На карточке появились четкие, разборчивые буквы: «Мальчик Судаков».
Раньше Фаина видела море только на картинках.
В пермском детдоме висели репродукции полотен Айвазовского. Учитель рисования вырезал их из «Огонька». На уроках труда мальчики делали деревянные рамки. Фаина любила рассматривать розовый рассвет, бурные волны:
– В Израиле тоже есть море, – думала она, – когда я доберусь до страны, я обязательно искупаюсь… – искупаться ей пришлось и сейчас. Теплая вода шуршала у босых ног. Удерживая мальчика, Фаина оглянулась:
– Никто, ничего не заметил, но в шесть утра начинается пересменка сестер.
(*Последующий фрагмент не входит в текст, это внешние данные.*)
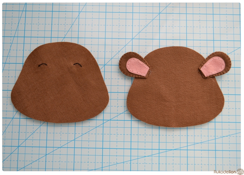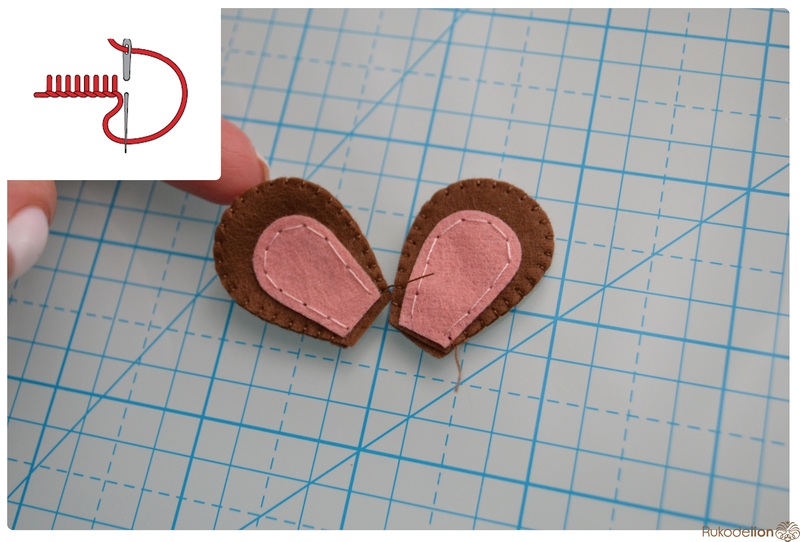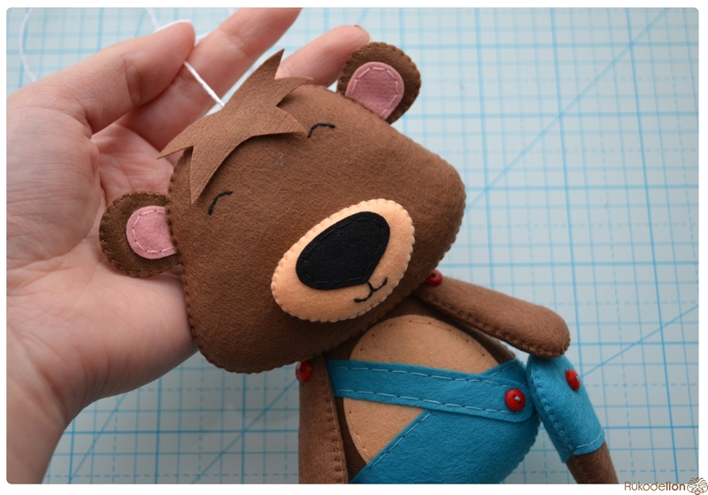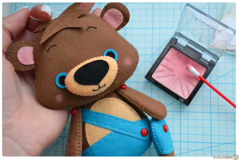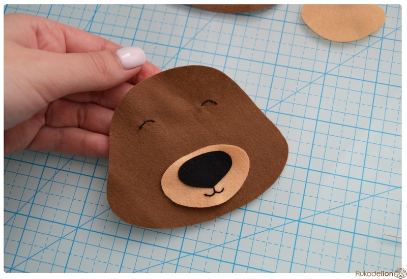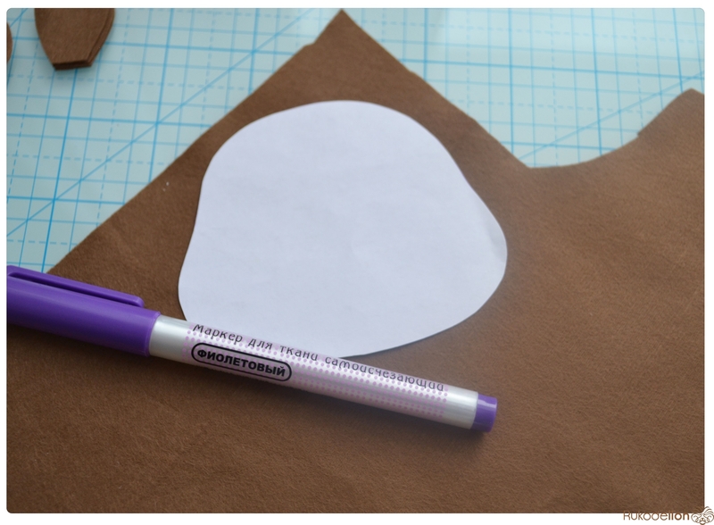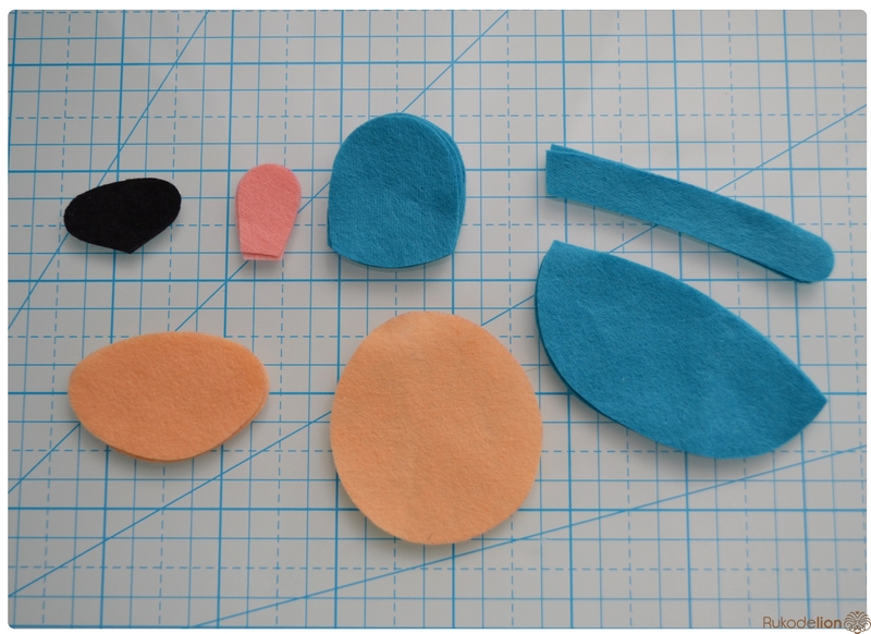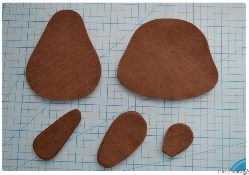 1. Фетр: коричневый, черный, синий, бежевый, розовый. Я буду использовать испанский 100% полиэстеровый мягкий 0,5 мм толщиной

Сейчас четыре, мне надо торопиться… – за один день в палате она выучила госпитальное расписание. В комплексе царила тишина, окна были темными. На аллее, ведущей к морю, горело несколько фонарей. Фаина пробежала по дорожке, не оглядываясь, единым духом. Мальчик дремал в перевязи, наскоро устроенной из пеленок.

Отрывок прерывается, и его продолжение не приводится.